Whichever reason he wasn't sure, but they were his team now, he'd have time to find out.

"You did well." Harry met Strucker in the viewing room above the training floor after becoming properly introduced to his team, and the man was quick to offer a congratulatory hand on his shoulder and a praising word. "I'm proud."

He beamed, inexplicably pleased by his mentor's praise. "They're a good lot. Strong. Loyal."

"You doubted?" Strucker smiled, but there was a challenge behind his words, a test. But one Harry already knew all the answers to.

"I did, once, but not anymore."

"Good boy." The squirming, happy feeling in his gut only amplified when Strucker's hand moved from his shoulder to the nape of his neck and used its hold to bring their foreheads together. Their lips were barely inches apart when the older man whispered, "Hail Hydra."

And Harry held his intense, pale stare and he whispered back. "Hail Hydra."


"You'll be his savior, his mentor, his one guiding light. What you speak will always be truth, your beliefs nothing but just and right, he'll never question you, never doubt you. He'll be everything you asked for and more."

But with their confidence came a warning. "What we'll do is not easily undone, but those with wills like his have proven…unpredictable at time. He is, first and foremost, a weapon, mistreat it, neglect your duties in maintaining it, and he will misfire on you."

"That won't be a problem." Strucker remembered the pure adoration in the eyes of the boy who had hated him with all of his being not even six months ago. He remembered the way he had so easily stepped into his place at the head of the mages and still turned to him for approval immediately after. He remembered the unshakeable surety in his voice when he'd whispered their organization's words and Strucker felt sure.

The boy was his.


When Bucky fell, there were no more thought of after. No dreams of what would come and what they would do after the war.
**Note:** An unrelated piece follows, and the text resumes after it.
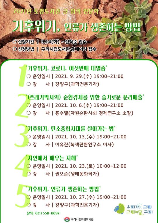 ‘길 위의 인문학’은 문화체육관광부가 주최하고 한국도서관협회가 주관하는 ‘2021년 도서관 길 위의 인문학’ 공모사업에 선정되어 운영하는 사업이다. 이번 프로그램에서는 다양한 주제의 환경 관련 전문가를 초청하여 기후 위기 극복을 위한 탄소 배출 감소, 쓰레기 문제해결에 대한 효과적인 대응 방안을 모색하는 시간을 가질 예정으로, 구리시의 그린뉴딜 슬로건인 「우리家 그린 그린뉴딜, 구리」를 함께 공유하며 집단지성을 발휘할 수 있는 기회가 될 것으로 예상되어 더욱 눈길을 끈다.

There was no after without him. He fell and so did any hope of building something beyond the war.

No one was surprised when the mission on the Valkyrie ended the way it did. They had seen the resolve in his eyes long before he'd stepped onto the plane, a world without Bucky Barnes was one Steve Rogers had no interest living in. The plane went down and Steve welcomed the dark, craved it even, and so he got it, for seventy years.

But all good things end. The SSR cum SHIELD fished him from what should have been his final resting place, shook him from his sleep, and shoved him into a world he no longer had a place in.

Seventy years in the future. He'd gone down knowing only Bucky was gone and came back up with every single person he'd ever known dead or close to it. He'd missed everything; the end of the war, their victorious homecoming, the reunions with their loved ones, the start of their families, the birth of their children and grand children and great grandchildren, and their peaceful passing onto the next life.

He should be with them. He wanted to be with them. But suicide was a sin and lord knows he'd already done enough to make the man above consider blocking his entrance through the gates, he didn't want to make it worse.

So he did what he did best and fought on. He took the books and the articles and the reels catching him up on history from SHIELD, went religiously to their recommended head doctors, and tried his best to ignore how in this loud and bright and awful future, he felt more alone than the entire seventy years he'd been entombed in the ice.